Game of Kings - Dorothy Dunnett [198]
There was a little silence. Then the blind girl said slowly, “You’re quite safe, you know. Harvey confessed to a lot of things, but they had nothing to do with me. If he signed anything, it’s probably on its way to his relatives in the south. Why on earth should I want it? If you don’t believe me, I’m quite willing to be searched.”
“That’s very sensible of you,” said Margaret Douglas cheerfully. “Because I don’t believe you, and although I’m sure you’ve been most ingenious, I was proposing to search you very thoroughly indeed.”
Sym, coming out of a cloud of misery, suddenly took her up. “Search her! Just try and touch her, ye bitch! Try and touch either of us!”
“You misunderstand me,” said Lady Lennox. “I wouldn’t soil my fingers. On you or your complaisant little mistress.”
Sym cried out. “What have I done? She means ye harm: what have I done? I didna mean—it was just the drink—and she asked me—”
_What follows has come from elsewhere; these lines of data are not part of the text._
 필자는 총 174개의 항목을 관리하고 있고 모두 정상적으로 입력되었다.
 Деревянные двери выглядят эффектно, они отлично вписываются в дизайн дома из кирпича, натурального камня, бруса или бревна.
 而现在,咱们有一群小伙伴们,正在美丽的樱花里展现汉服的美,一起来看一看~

“Never mind, Sym,” said Christian. “I’m afraid it was a mistake. She’s no friend of ours—or of our friends.”
She could hear him swallow. He said in a low voice, “The Master of Culter? She wants to hurt you and the Master of Culter?”
“Yes.”
“Then she willna!” said Sym, and hurled himself at Christian’s horse.
The impact of his body jarred her forward, breathless. She felt him settle behind her, the brush of the reins as he gathered them tight; the firm clasp of his arm around her waist. The horse drew himself in, quivered, and answering Sym’s heels swerved, spun, and drove like an arrow through the cavalcade.
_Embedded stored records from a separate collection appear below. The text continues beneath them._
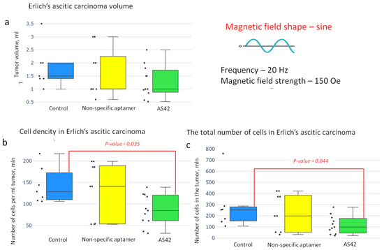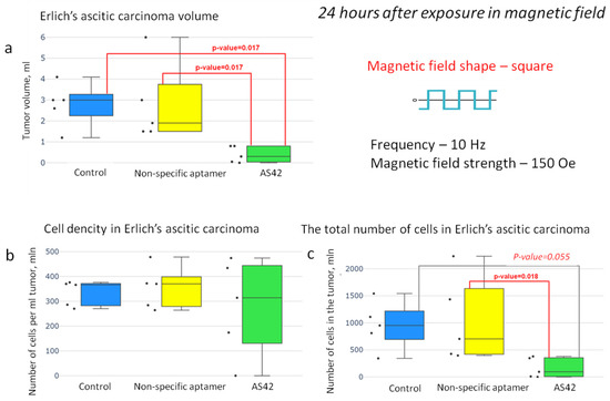 Effectiveness of the “smart nanoscalpel” as an instrument for destroying ascites tumors in vivo using a square-shaped AMF with a frequency of 10 Hz and a duty cycle of 0.5 (24 h after exposure in the magnetic field); (a) tumor volume effect, (b) cell density effect, and (c) the total number of cells in the tumor effect.
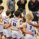 The team huddles during a media timeout. (Photo by Naya Pacheco)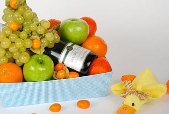 Podemos enviarles la cesta de frutas, tanto al Hospital como a su casa, seguro que la sorprende a ella y a su entorno muchísimo, y eso es lo que queremos llevar felicidad y alegría a los miembros de una familia que crece.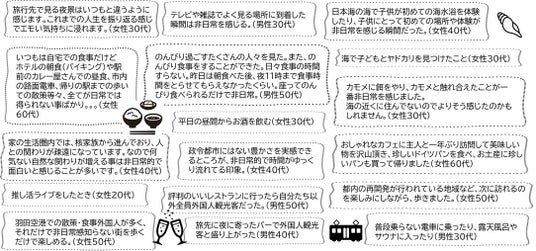 具体的な発言内容をみると、男性は「仕事」、女性は「家事」など、日々の忙しさから解放された瞬間、子ども連れの旅行の場合は、「子供にとっての初めて」を一緒に体験することに「非日常」を感じるという回答が多くあがりました。普段から身の回りにも存在する夜景やカフェ、街並み、電車の駅なども、旅行先では一味違う趣があるようです。また、ここのところの訪日外国人旅行者の増加を反映して、海外の旅行者との関わりから「非日常」を感じるといった声も聞かれました。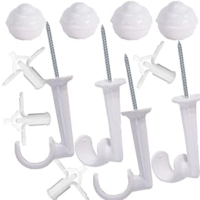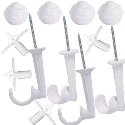6 Suporte de Teto para Varão Simples 28mm para gesso ou DrywallConteúdo:06 suportes para varão simples: 28 mm06 buchas fly para gesso ou Drywall 04 ponteirasAltura da Haste 8 cmAltura total 8,5 cmComposição:Polipropileno PP Marca: Decoribitinga Suporte De Varão Para Cortina De Teto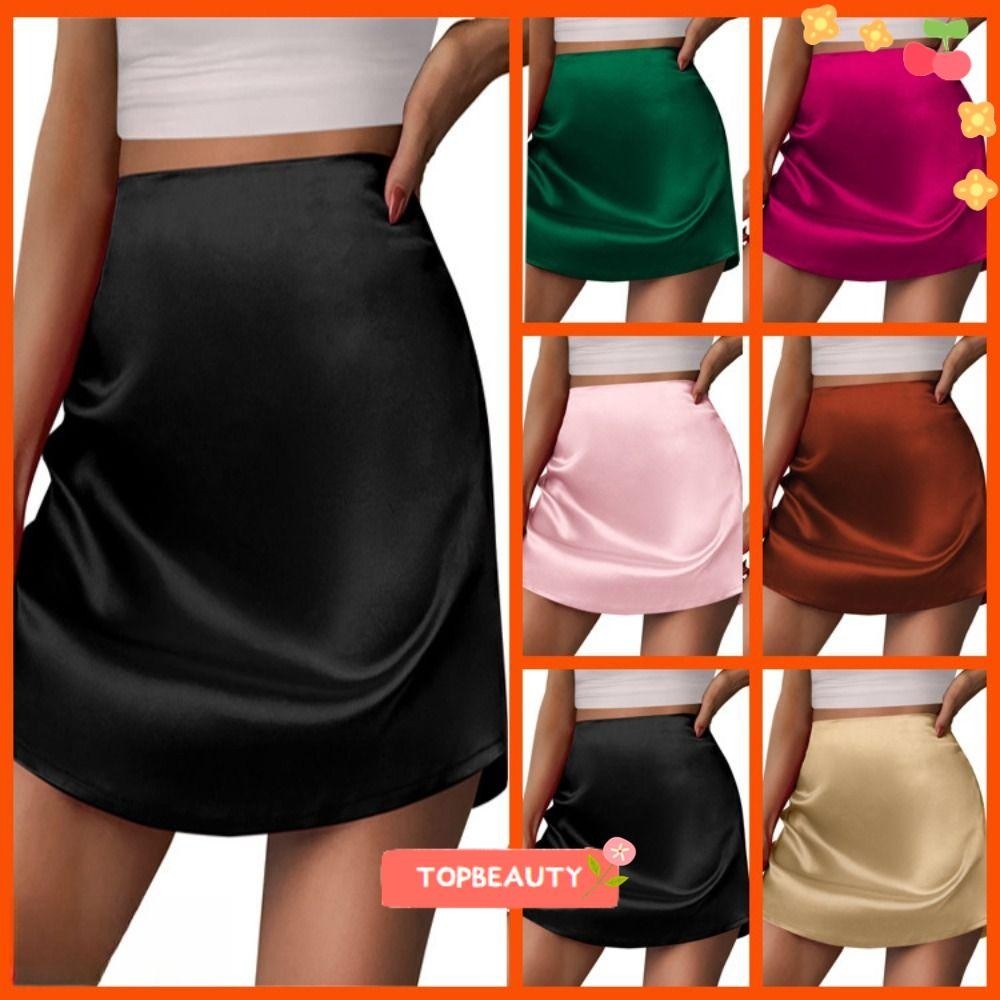 BEAUTY Mini Skirt, Stain Silk A-Line Short Skirt, Fashion Sexy Stretchy Satin Silk Skirt Women

Burst asunder, rearing, scattered, speechless, they looked after the flying horse; then, streaming up from the green Tyneside meadows, scrambling and pecking and hullooing over the little hills, they followed in full cry.
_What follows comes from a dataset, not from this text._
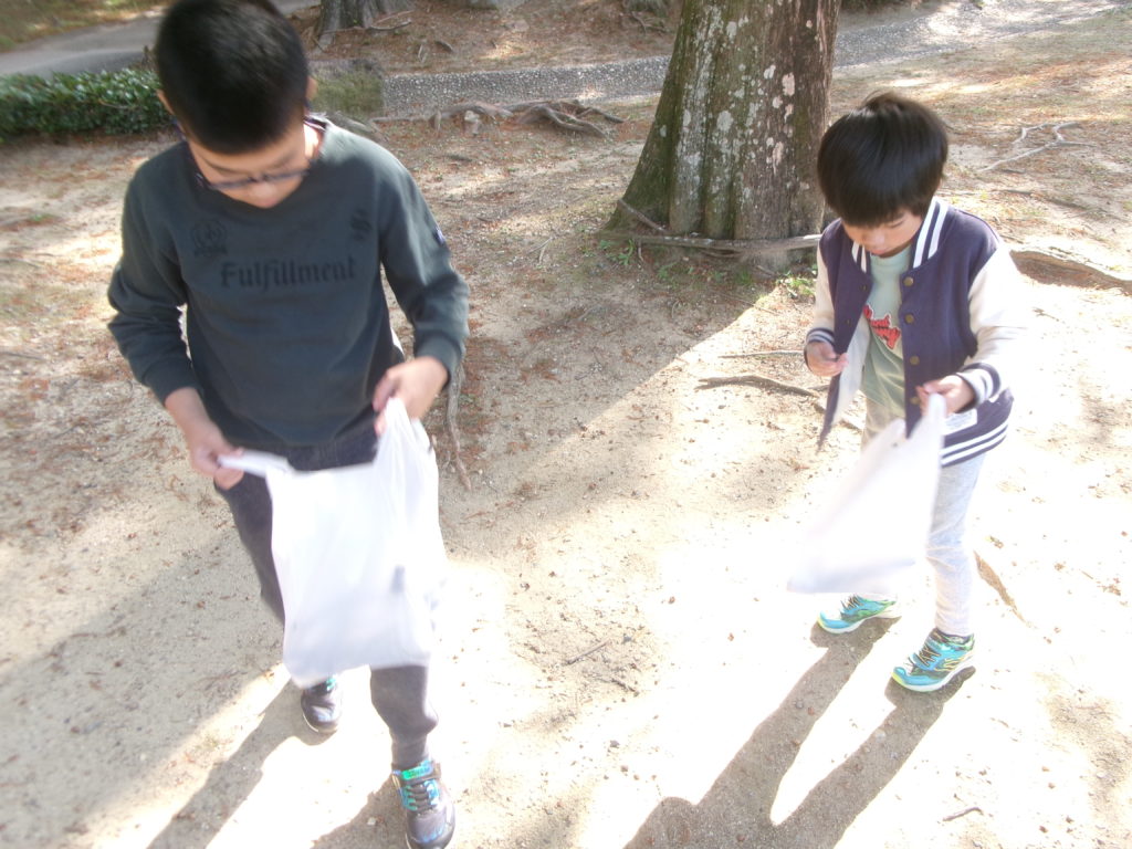 稲沢公園では、時計塔のある広場で遊びました。小学生の子たちはいつもより広いスペースで思い切りだるまさんがころんだを楽しんでいました。ビニール袋をたくさん持ってきたので、みんなで落ち葉拾いもしました✨「先生!みて~おっきい葉っぱ!」「木の実もあったよ」「こっちにはどんぐりも!」と見つけたものを嬉しそうに見せに来てくれる姿があり、とってもかわいかったです♡

Christian had no breath. Crushed in the boy’s grip, thought was driven from her by the speed of the animal; her hair buffeted and flew about her face, and her skirts tugged and twisted. The clasp at her waist shifted, and she managed a gasp. “Sym, you fool, go back! We’ll be overtaken and it’ll be—all the worse for us both.”
For answer Sym drove his spurs again. “I started the trouble, and I’ll get you out of it, if it’s only to find a place for those papers … could ye get them ready, now?”
She couldn’t. Samuel Harvey’s statement—the paper she had denied to Margaret Douglas—was sewn very thoroughly in her saddlecloth. Nor were they likely, doubly burdened, to make enough ground to retrieve and hide it unseen. She said forcibly, “Simon: stop this horse and turn around. It’s no good!”
He didn’t answer her. Instead, above the thud and jangle and creak of the galloping horse there came an odd, rustling noise. It stopped suddenly with a bump, and Sym gave a little grunt. The arms about her slackened and the pressure at her back shifted. Christian cried once, “Simon!” and then with a clatter the whole body behind her shook itself loose and, rolling over the gelding’s haunches, thudded on the heather.
The horse, already overexcited, entered a glory of self-induced fright and, the reins swaying against its knees, took the bit between its teeth.
The lifeless weight had nearly pulled the girl off too. But, barely realizing what had happened, Christian closed her knees instinctively and gripped the uncut mane with one hand, groping for the fallen reins. They eluded her: the horse was galloping wildly, shoulders and haunches lurching on the uneven ground; scrambling up slopes and down them, reaching higher and higher ground. Bushes clawed at her and once, a whipping branch stung her cheek.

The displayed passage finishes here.